The role of the Data Steward (custodian; manager) is to help improve understanding of data, discover relationships among the data, consolidate metadata, and transform data into information. His main goal is to support excellent research with excellent data.

Exploratory/Exploitative Data Analysis (E/EDA)
We manage data requests through our Exploratory/Exploitative Data Analysis (E/EDA) method which is based on the exploratory data analysis framework described in Making Sense of Data: A Practical Guide to Exploratory Data Analysis and Data Mining. The E/EDA steps are:

  1. Problem definition
    1. define the objectives
    2. define the deliverables
    3. define roles and responsibilities
    4. assess the current situation
    5. define the timetable
    6. perform a cost/benefit analysis
  2. Data preparation
  3. Implementation of the analysis
  4. Deployment of results

Open Source + Open Archive + Open Innovation
We aim to share the benefits of "Open-ness" with our partners. Whenever a project or client does not explicitly define ownership, we will select a Creative Commons license for the data. Our partners are encouraged to store their datasets with the Dataverse Network Project (DVN); DVN increases scholarly recognition, facilitates data access and analysis, and ensures long-term preservation whether or not the data are in the public domain.

Data catalogue
Our ever growing data "collection" consists of Amadeus, Company.Info, Compustat, COMETS, COMTRADE, Corporate Affiliations, CorpWatch, Datastream, EEE-PPAT, Eurostat, NBER, NGAGNS, OECD HAN, OECD REGPAT, OECD TPF, PATSTAT, PubMed, Scopus, SDC Platinum, UNdata, USPTO, and Web of Science.
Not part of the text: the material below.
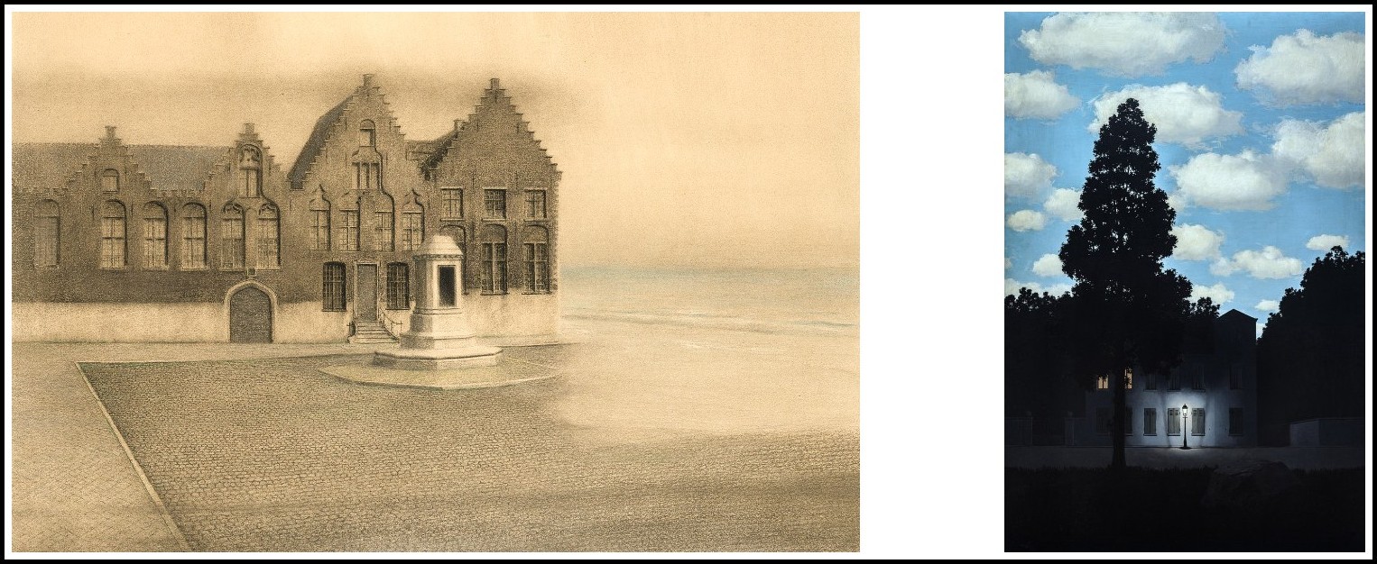 Fernand Khnopff, The Derelict City, 1904 (detail) | René Magritte The Empire of Light, 1954

Special note should go to the Global Business Register (GBR). GBRDirect provides a single access point to official information on companies around Europe. The information is sourced directly from the official national business registers of each European country. They have graciously allowed me access to their API, and I believe that their data will be pivotal in merging databases such as PATSTAT and SDC.